Houveram muitas discussões em torno da obrigatoriedade da mulher usar sutiã no trabalho. Muitas delas, clamam pelo direito de sentirem-se confortáveis no ambiente. Ainda não existe nenhuma resposta concreta, mas especialistas indicam o uso da peça, justamente pelo fator cultural que atribui o acessório. Todavia, para atividades de lazer, o uso do sutiã ou não, fica à critério da mulher.

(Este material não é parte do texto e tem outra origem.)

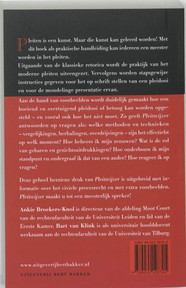 Aan de hand van voorbeelden wordt duidelijk gemaakt hoe een boeiend en overtuigend pleidooi of betoog kan worden opgesteld – en vooral ook hoe het niet moet. Zo geeft 'Pleitwijzer' antwoord op vragen als:
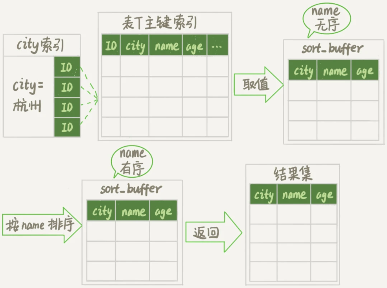 为了更好地分析,这里引用上一篇文章中全字段排序和rowid排序的流程图:

Em um fórum de mães na internet, uma mulher escreveu: “Eu amaldiçoo a pessoa que inventou os sutiãs. Eu os odeio, mas tenho vergonha de não usá-los, o que não seria um problema se isso fosse ‘normal’ ou se eles nunca tivessem sido criados!”.
Sutiã é autocuidado
Se para algumas mulheres usar o sutiã não é nada mais do que uma obrigação, para muitas outras, a peça é indispensável no guarda-roupa. Uma lingerie pode significar autocuidado, amor próprio e uma forma de aumentar o vínculo com o corpo. Para essas mulheres, vestir uma lingerie e sentir-se bem com a peça, é uma forma de aceitar o próprio corpo.
O novo sexy
Independentemente do lado escolhido – contra ou a favor ao sutiã -, é muito importante reforçar a tendência do confortável. Ou seja, a ideia de vestir-se conforme a mulher se sente mais feliz e adequada. Claro, que para as que desejam não usar o sutiã, a batalha pode ser um pouco mais longa, mas a discussão sobre o tema já existe e é levada a sério. No futuro, o que se espera é que a “opção” ocupe de vez o espaço da “obrigação”.